One of my clients is a 35-year-old man who has been in a relationship with his current girlfriend for about two years now. This is the longest time he has been with a partner – all his other relationships have lasted between only a few months and a year. His initial sexual attraction towards his girlfriends is usually very strong but after a while just disappears.

This time he was convinced he’d found the “right” one. He was very happy because he felt it was time to settle down and was looking forward to starting a family. However, even though he adores his partner, he has again started to lose his sexual feelings for her. He isn’t motivated to have sex with her any more; sex has slowed down to once a fortnight, instead three or four times a week. He doesn’t see himself as sexual or passionate, and he’s worried because his pattern of losing sexual interest means he finds it difficult to sustain physical and emotional connections. Not surprisingly, his partner has started to notice and complain about it.

He also feels he is cheating on her. He has started fantasising about other women and he is now convinced he is unable to love his partner.

My client is not alone. Many men and women experience feelings like this that make them extremely confused. The problem is, they are under the impression that love and lust are the same thing.

In 1979, American psychologist Dorothy Tennov coined the word limerence; this is defined as a period in a relationship known as the falling in love and lust stage. It’s driven by the neurotransmitter phenyl ethylamine (PEA) which, combined with dopamine and norepinephrine, creates pleasingly positive feelings between people.

These so-called love chemicals can prompt euphoria, increased energy and sexual desire.

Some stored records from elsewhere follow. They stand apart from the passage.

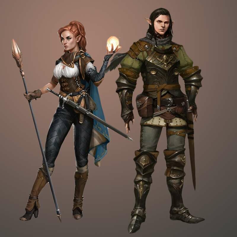 Plus sveltes que les humains et reconnaissables à leur grande taille et leurs oreilles pointues. Il s'agit d'un regroupement de races très nobles et orientées vers la magie sous toutes ses formes. En plus de cette affinité avec le flux, le corps des Elfes en fait des créatures agiles par nature. Les Elfes sont des êtres très pâles dans leur globalité, seule les Nafraäts se permettant d'avoir des teintes plus extravagantes.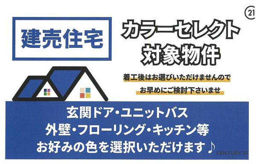 基礎着工前であれば、カラーセレクトが可能です♪外壁、フローリング、キッチン、ユニットバス、玄関ドア等のお好きなカラーをお選び出来ます♪カラーセレクトが可能かは、ご担当者へ確認をお願いいたします。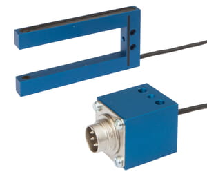 Specjalna konstrukcja czujnika typu nadajnik odbiornik. Nadajnik i odbiornik znajdują się w widełkach lub kątowych częściach i są idealnie do siebie dopasowane..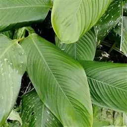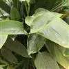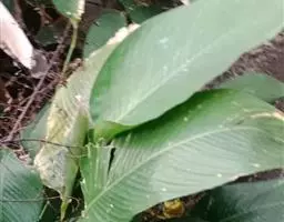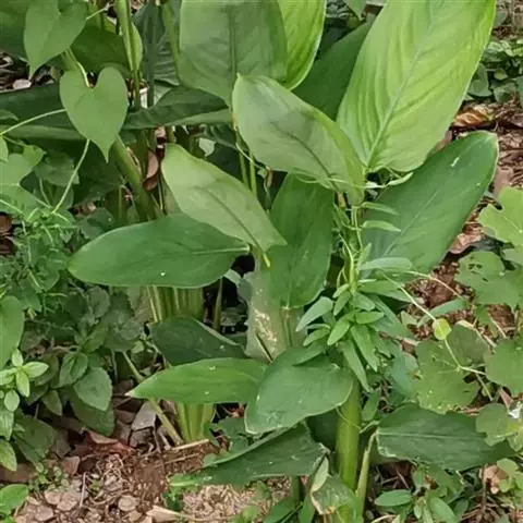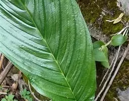 叶宽矩圆形,长8厘米至15厘米,宽7厘米至10厘米,基部心形,前端尖凸,正面淡绿色,有光泽,侧脉6对至8对,脉间有两列对称呈羽状排列的斑纹,初为灰褐色,后呈深绿色,叶背灰绿色。 柄基部鞘状。

They are responsible for intense passion and the rose-coloured glasses we see our partners through. Limerence feels good, but unfortunately it has a shelf life lasting from about six months to two or three years. Its decline is gradual.

When I explained limerence to my client, he agreed this is exactly how he feels in relationships. But this time he doesn’t want to break up, he loves and is committed to his partner and wonders what he could do to help the situation. Meanwhile, she just doesn’t understand what is happening.

Another client fell madly in love and became engaged within a year. She was excited and spent months planning their fairy-tale wedding. The date was set, the venue chosen and their families and overseas friends had booked airline tickets to attend. But three months before the wedding she got cold feet and realised that she and her future husband had little in common and she wasn’t in love with him any more.

She didn’t know what to do. How could she possibly tell him or explain her feelings to family and friends?

Another client realised that the woman he thought was “the love of his life” wasn’t the one after all, but by then they were expecting a baby!

I hear it all the time: “I love my partner but I am not in love any more … what can I do?”

Most people believe the excitement of those early months and years will last forever, but unfortunately this doesn’t happen that often. We live in a society that projects romantic love as the be-all and end-all on TV, movies, popular magazines and novels.

When the limerence stage fades away, a deeper commitment – an emotional intimacy – is needed.

While the emotion of falling in love is intense, the emotions of falling out of love can be as intense, but the signs may not be that clear.

When love/lust seems to disappear, people usually start spending less time together. They start having fights, arguments or stop talking; they may feel unappreciated, and resentment can build up and they drift apart. It’s easy to understand how people become disappointed and frustrated with each other, and eventually will stop having romantic feelings and having sex.

One reason this happens is a lack of emotional intimacy – it’s extremely important for couples to make a habit of spending time together and connecting again.

There is no easy fix, but when you start noticing the passion disappearing in your relationship it may give you an opportunity to discuss what you are experiencing with your partner and find ways to turn things around.

If you know the signs, you can use them to rework your relationship. In the worst case scenario, you’ll know why you need to walk away from a relationship that may not go the distance.